25 oct 2021 / 03:00 H.

    Entramos en una semana decisiva para el mercado laboral sin tener siquiera información sobre los planes del Gobierno. Yolanda Díaz Suso se limita a insistir en que derogará la reforma laboral “a pesar de todas las resistencias”, sin explicar su propuesta y en un tono épico del que se deduce que vive la negociación como una batalla en la guerra interna que libra con Calviño. Pero lo que está aquí en juego no son los egos ministeriales ni el equilibrio de poder en la coalición. Ni siquiera el equilibrio de fuerzas en la negociación de los convenios. Hoy en día, el convenio colectivo es el prurito de trabajadores cuasi nobiliarios, que defienden sus privilegios respecto al común de los mortales machacas, entre los que se encuentran los mileuristas, los autónomos, y los que buscan acceder a su primer empleo. Aquí lo que verdaderamente está en juego es el drama del paro.

    Somos el país con más paro de Europa. España aporta, de hecho, uno de cada cinco parados europeos y el drama deviene en tragedia si dejamos caer los ojos sobre el paro juvenil. A menudo me han preguntado por Europa cómo es posible que haya un 40% de paro juvenil y no estén ardiendo las calles. Me toca explicarles lo que significa la solidaridad familiar en España, un país en el que la familia asume buena parte de las responsabilidades del Estado y en el que los hijos permanecen en casa y a costa del bolsillo de los padres hasta edades de ciencia ficción un poco más al norte, donde los chavales empiezan a trabajar, sencillamente, cuando les da la gana. Y pueden creerme que no se vive igual en un país en el que el trabajo es un bien escaso que en aquellos en los que se trata de un bien en abundancia. La calidad de vida, la libertad y la seguridad que aporta el pleno empleo a los ciudadanos conforman una sociedad mucho menos manipulable y dependiente, lo que genera a su vez salud, creatividad y futuro. En nuestras actuales circunstancias, por lo tanto, no podemos permitirnos ni un solo movimiento que no lleve el sello de garantía de la creación de empleo y nos permita avanzar en esa precisa dirección.

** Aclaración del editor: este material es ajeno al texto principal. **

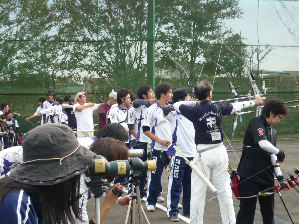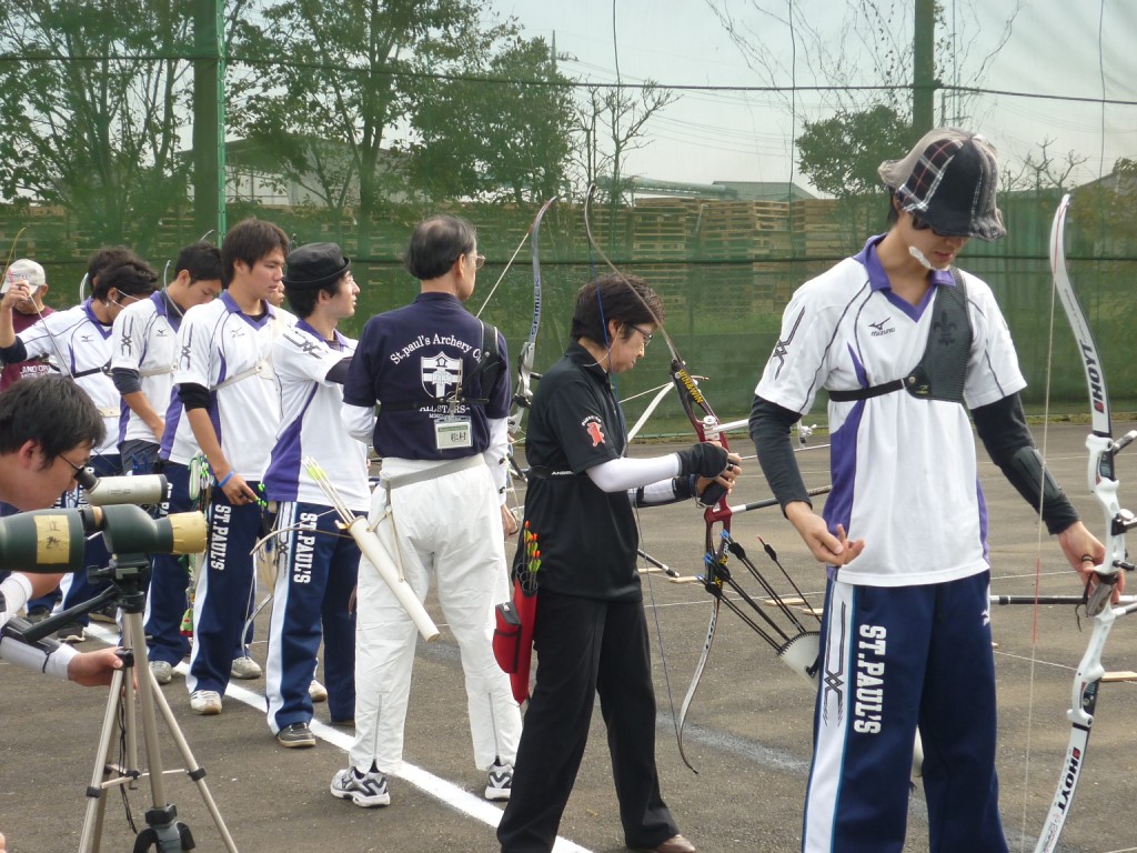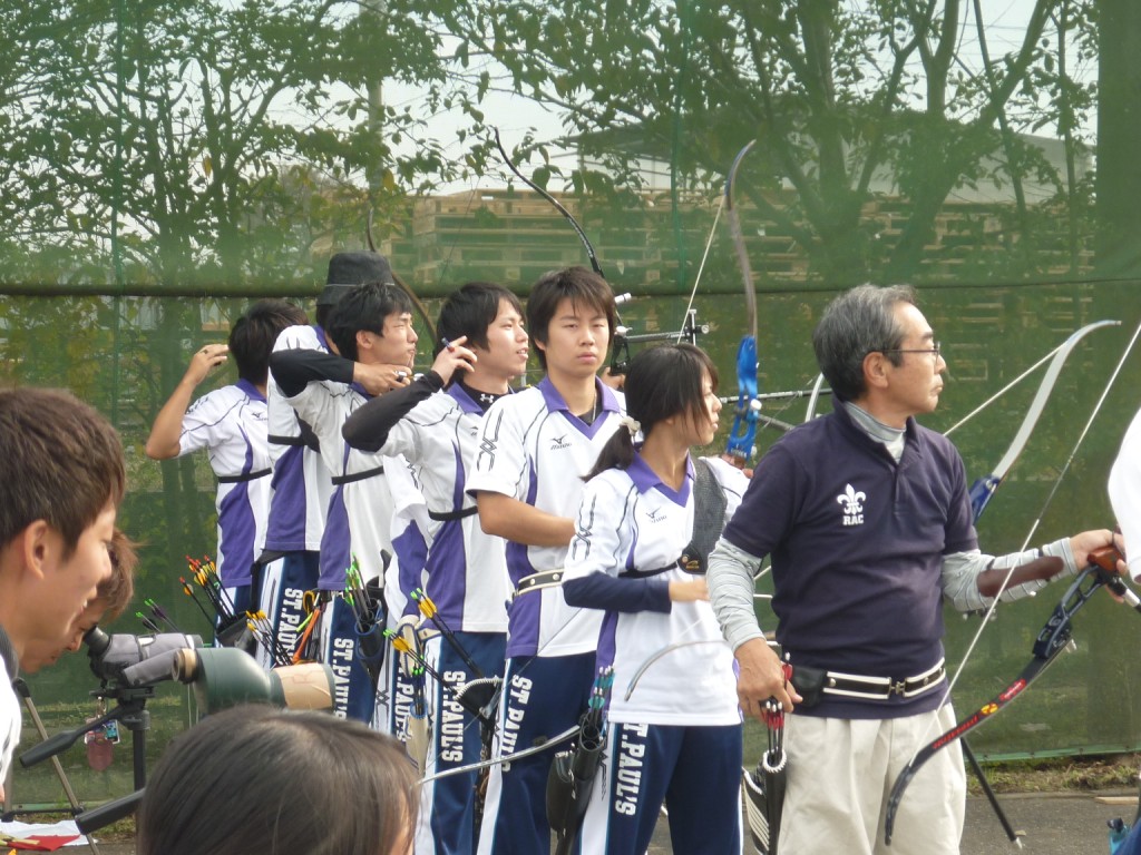 実施:2011年11月13日 場所:立教大学レンジ 天候:晴れ 来援者:大野部長先生、浮貝会長(8期)、塩川副会長(8期)、神津副会長(9期)、小松先輩(5期)、加藤先輩(38期)、赤尾先輩(45期)、横川先輩(48期)、山村先輩(49期)、市川先輩(49期) ・男子 男子Six:3596 1~3年男子ave:529.3 OB+4年男子ave:506.3 名前(学年or期) 50m 30m total ------------------------ 窪田 (2) 306 325 631 小木曽 (4) 305 323 628 高橋 (3) 292 329 621 渡邉(雄) (3) 299 317 616 前田 (3) 282 321 603 福島先輩 (43期) 280 319 599 川島 (4) 279 316 595 榎本先輩 (35期) 274 312 586 依田先輩 (49期) 264 317 581 大湯監督 (8期) 263 315 578 小野 (2) 257 317 574 小島先輩 (16期) 264 308 572 横田 (2) 250 301 551 大畑先輩 (38期) 241 306 547 梅田 (2) 240 307 547 石井 (1) 254 287 541 松村(拓) (2) 234 303 537 時延 (2) 246 284 530 小村 (2) 258 265 523 西澤 (2) 244 278 522 水井 (4) 234 286 520 尾暮 (2) 215 304 519 宮田 (1) 217 293 510 大河原 (3) 226 282 508 渡邊(将) (1) 207 300 507 飯窪 (3) 222 283 505 横森 (4) 189 281 470 玉澤 (2) 181 262 443 海老原先輩 (2期) 187 246 433 松村先輩 (8期) 175 249 424 一瀬 (4) 173 242 415 渡辺(新) (2) 162 249 411 武藤コーチ (45期) 144 265 409 澤邊 (1) 173 214 387 松本 (4) 131 247 378 小原 (4) 128 238 366 ・女子 女子Four:2354 1~3年女子ave:564.6 OG+4年女子ave:487.7 名前(学年or期) 50m 30m total ------------------------ 小山 (3) 289 327 616 島村 (4) 296 316 612 作田 (3) 277 330 607 太田 (2) 258 312 570 斎藤 (2) 255 306 561 松村(智) (2) 232 320 552 山崎 (3) 226 298 524 寺木 (1) 243 279 522 竹内(4)+吉田(4) 189 245 434 小林芳枝先輩(9期) 150 267 417 ************************* 本日は年1回のセントポールズカップの開催日となりました。 空は晴れ渡り、また気温も暖かく、風も吹いていなかったため絶好のアーチェリー日和と言えるコンディションの中、セントポールズカップを行うことができました。 本日の試合には選手として海老原先輩や小林先輩をはじめとした、多くの代の方々に出場していただくことができ、また応援には浮貝会長や神津副会長など、様々なOB・OGの方に加え、大野部長先生にもいらっしゃっていただくことができました。 本日の形式は男女それぞれ1年から3年、4年とOBの方々のアベレージ対決となりました。 また男子は上位5位、女子は上位6位に賞品が授与され、そして男女混合で下から2位と、依田先輩の点数に最も近い人、飯窪の点数に最も近い人にそれぞれ特別賞が授与されました。 まず50mでは、1エンド目に大湯監督、大畑先輩が高得点を出され、良いスタートを切られました。 現役では出だしで失敗した者もおりましたが、徐々に調子を上げていきました。小島先輩、福島先輩は赤字を立て続けに出され、現役に勝る迫力で射たれ続けました。 続く30mでは、OB・OGの方々は50mでの良い勢いをそのままに、自分のペースに忠実に射たれました。 OB・OGの方に負けじと4年の川島が序盤に赤字を出し、勢いをつけていきました。 そして榎本先輩が安定した射を行われ、点数を出し続けられました。 30m中盤から、試合に参加した全員が集中力と体力の低下からか、ミスが起きやすくなっていました。 その中で終盤に福島先輩が高得点を出し、OBの実力を存分に発揮されました。 今年度は設備が新しくなり、より快適な練習環境となった射場で試合を行いましたが、終始良い雰囲気で進んでいきました。現役は普段は接する機会が少ないOB・OGの方と同じ時間を共有させていただいたことで、交流を深められ、良い刺激を受けることができたと思います。 そしてこのセントポールズカップによって部員各員がOB・OGの方々にご支援いただけている有り難さを再認識し、それに報いるためにも練習して高い点数を出さなければならないという意志が強くなったと感じております。 最終的にリーグ戦を見据え、これからまだまだ試合を行っていきますが、部員一同、この経験を糧に頑張って参ります。 今後の試合予定ですが、11月27日に男子成蹊大学戦を成蹊大学レンジにて行います。 選手集合は11時となっております。 もしお時間宜しければ、応援に来ていただけたら幸いです。 最後になりますが、今年度のセントポールズカップにはOB・OG会をはじめとした多くの方からの、様々なご支援をいただくことで無事に開催し、楽しい部内試合とすることができました。 この場をお借りして、感謝の意を表したいと思います。 誠にありがとうございました。 今後ともご指導のほど、宜しくお願い致します。 立教大学体育会洋弓部第51期主将 大河原一平 |

    Ignoro lo que Díaz Suso lleva desde marzo negociando con los sindicatos, pero, insisto, los parados no están sindicados. Si tú a un parado le preguntas cuántos días por año trabajado desea cobrar en caso de despido injustificado, igual te suelta un sopapo. Porque lo que un parado necesita no es un regateo en corto, sino trabajo. Y lo necesita como el respirar. Por eso no podemos quedarnos en un par de parches de salón y tenemos que pensar con perspectiva, fijarnos en qué legislación laboral estaba en vigor en los momentos en los que gozábamos de tasas de paro un poco menos dramáticas y proyectarnos al futuro. Hay que idear soluciones de raíz, que seguramente partirán de la formación secundaria y, por supuesto, la universidad. Hay que crear cauces de conexión entre los jóvenes y las empresas, ya sea para hacer prácticas, para proponer ideas de negocio, para formarse o sencillamente para conocerse. Hay que desglosar la palabra empleo para empezar a legislar muchas nuevas formas de trabajo, más líquidas, que surgen de las nuevas tecnologías. Hay que aprovechar la mina del empleo a distancia que proporciona Internet. Probablemente haya que ayudar a las pymes a aumentar su tamaño y digitalizar la administración y la gestión de las empresas. Y con toda seguridad habrá que aumentar la productividad. Un trabajador español genera en torno a 61.000 euros de producción anual, en datos de 2015, y eso es un 25% menos que los trabajadores de nuestros socios europeos más avanzados. Y no es que seamos más vagos, sino que estamos peor dirigidos y contamos con peor motivación. Hay un concepto laboral, una expresión que solo existe en español y que deberíamos borrar de nuestro vocabulario, la de colocarse. Habrán escuchado a algún fulano presumir de que su hijo “se ha colocado” en tal empresa, como si fuera un jarrón en una vitrina. Nada más lejos de la movilidad, flexibilidad y renovación constante que exige el trabajo en el siglo XXI, ¿no les parece? Opinen todos los implicados y aporten ideas, debatamos abiertamente. Lo que está en juego es demasiado importante como para jugárnoslo a un pulso entre señoras que juegan a ser ministras.